Researchers published their findings in the journal Blood Advances.
“In the current study, we describe our single center experience treating patients with commercial CAR-T therapy for R/R DLBCL. We report response rates, PFS, and OS comparable to the pivotal trials and markedly better than outcomes seen in patients treated with alternate therapies before the CAR-T era,” wrote researchers from Memorial Sloan Kettering Cancer Center. “However, when adjusting for baseline unfavorable disease biology, the seemingly inferior outcomes associated with use of alternate therapies are less clear.”
The retrospective, observational study included a total 215 patients, 69 of whom received CAR T therapy and a historical population of 146 patients treated with alternate, non-CAR-T therapy.
Rates of complete response were 52% with CAR-T therapy and 22% with alternate therapies, according to the study. Median PFS was 5.2 months with CAR-T therapy and 2.3 months for alternate therapies. Median OS was 19.3 months with CAR-T therapy and 6.5 months for alternate therapies.
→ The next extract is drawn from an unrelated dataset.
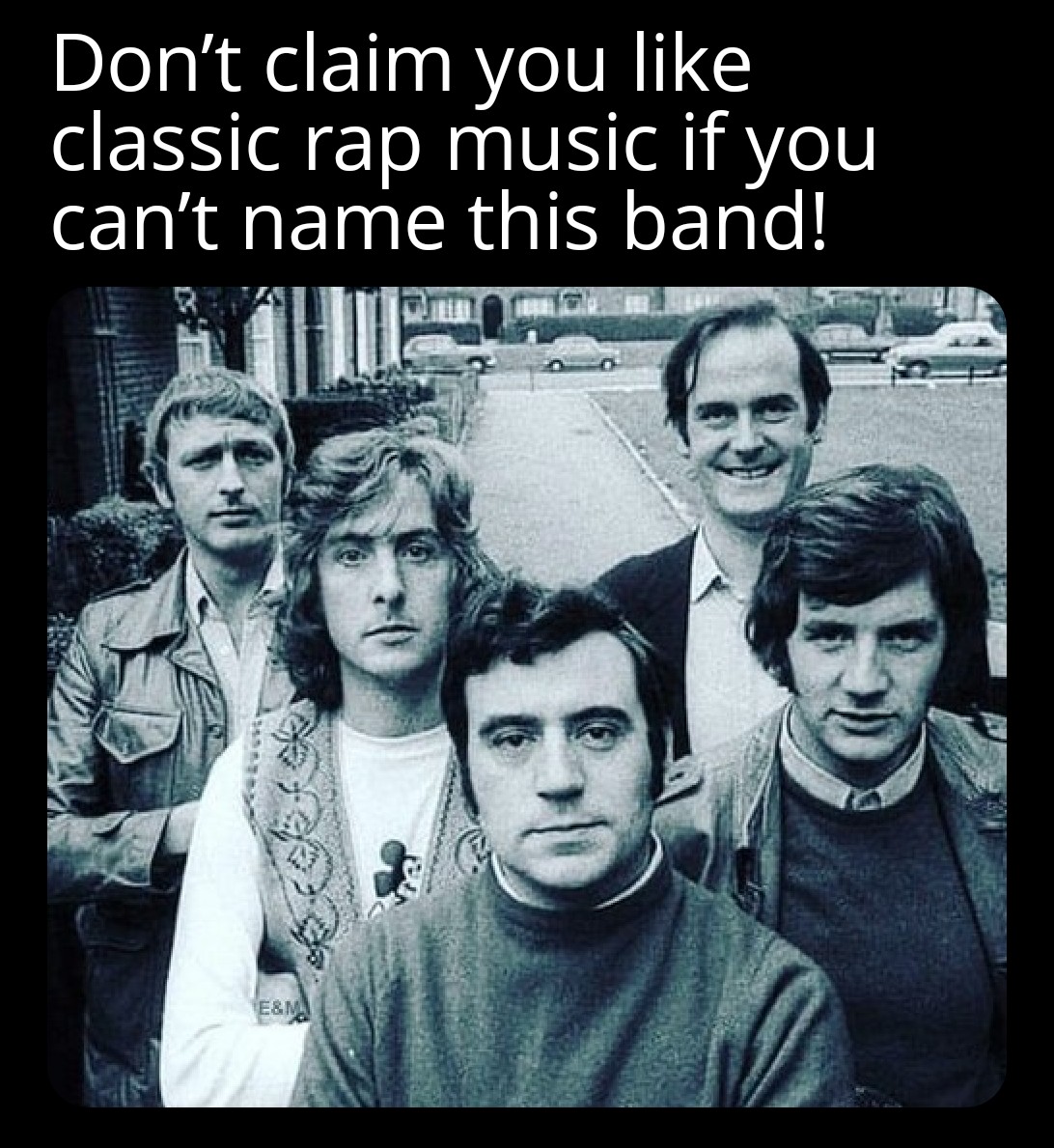 minus-squareRhaedas@fedia.iolinkfedilinkarrow-up17·3 months agoThey originally were the Knights Who Say Ni, but broke up for a while for some solo work, then reunited as The Knights Who Say Ekki Ekki Ekki Pitang Zoom Boing. Best rap album ever, with the chart topper “Only a Flesh Wound”.
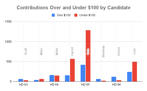 Josh Cole in HD 65 leads all candidates with 1,286 contributions from small-dollar donors. Stacie Annie Carroll in HD 64 is second with 565 contributions.

When researchers adjusted for unfavorable pretreatment disease characteristics, the response rate remained significantly better with CAR-T therapy—but PFS and OS did not. Furthermore, patients who responded to alternate third-line therapy showed prolonged remissions comparable to patients who responded to CAR-T therapy.
“In conclusion, the CD19-targeted CAR-T products axicabtagene ciloleucel and tisagenlecleucel remain an important treatment option for patients with R/R DLBCL. However, we contend that alternate therapies may be as efficacious as CAR-T therapy in select clinical scenarios,” researchers wrote. “Therefore, additional study continues to be warranted, ideally with randomized prospective trials.”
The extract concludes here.